For a small bootstrapped application, is it better to request quota for only one chat model first, such as gpt-4o-mini or gpt-4.1-mini, plus one transcription model?
Are Standard / Global Standard deployments billed only per token usage, while Provisioned / PTU deployments are the ones that can create hourly charges while idle?
If a model shows only finetune quota in Canada Central, does that mean it cannot be used for normal chat completions unless separate non-finetune quota is available?

I’m trying to understand the safest low-cost way to start with Azure OpenAI in Canada Central without accidentally creating large idle charges.

0 comments

2 answers

Your answer

Answer 1

Hello @Centaur MD

Thank you for reaching out regarding Azure OpenAI quota behavior in Canada Central/East. I understand you would like to use Standard or Global Standard deployments with pay-per-token billing while avoiding unintended idle infrastructure charges. I’m happy to clarify how quota and billing work in this scenario.

When you see 0/0 TPM for a given model/region/deployment type in Azure AI Foundry, it means your subscription currently has zero quota allocated for that model in that region. This does not mean you are being billed, nor does it necessarily mean the model is unavailable in Canada Central globally.

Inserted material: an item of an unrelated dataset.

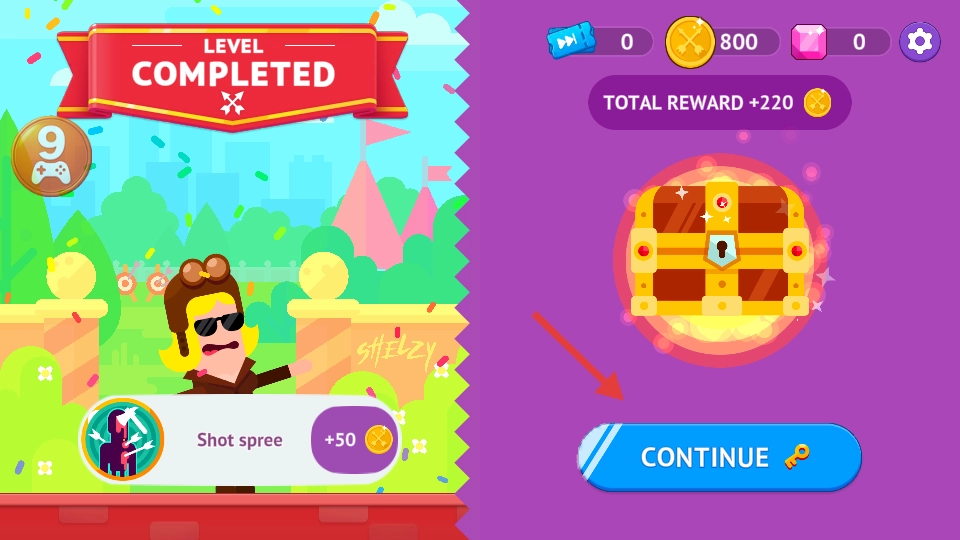 3、击败对手后,点击【CONTINUE】按钮开启宝箱。

It simply means you cannot deploy that model until quota is requested and approved for your subscription.

In some situations, quota requests may be denied temporarily if the regional capacity pool is currently full. In that case, you may either need to wait for additional regional capacity or consider using another supported region.

Regarding billing, requesting a quota increase (for example, 25K–50K TPM) does not incur charges upfront. Standard and Global Standard deployments are strictly pay-per-token, meaning billing applies only when inference requests are processed. Simply having quota assigned to your subscription does not generate costs.

For a lean proof of concept or small-scale application, the recommended approach is to start with a minimal deployment footprint. A common recommendation would be:

One chat/completions model such as gpt-4o-mini or gpt-4.1-mini

One transcription model such as gpt-4o-transcribe

Optionally, one embedding model such as text-embedding-3-small if embeddings are required

This allows you to measure actual usage patterns before requesting additional quota or deploying more models.

It is also important to understand the difference between deployment types:

Standard / Global Standard

Pay-as-you-go pricing

Billed only for input/output token usage

No idle hourly infrastructure charges

Recommended for development, testing, and low-to-medium traffic workloads

Provisioned Throughput Units (PTU)

Reserved dedicated capacity

Can incur hourly charges even when idle

Typically intended for enterprise workloads requiring predictable throughput and latency guarantees

Based on your requirement to avoid unexpected idle charges, Standard or Global Standard deployments would be the safest and most cost-effective option.

Additionally, if a model row shows only fine-tuning-related quota (for example, availableFineTuneCapacity) but no deployable quota, this indicates that the region currently supports fine-tuning operations for that model but does not currently provide standard inference/chat deployment capacity for your subscription. Separate deployable quota would still be required for normal chat completions or embedding workloads.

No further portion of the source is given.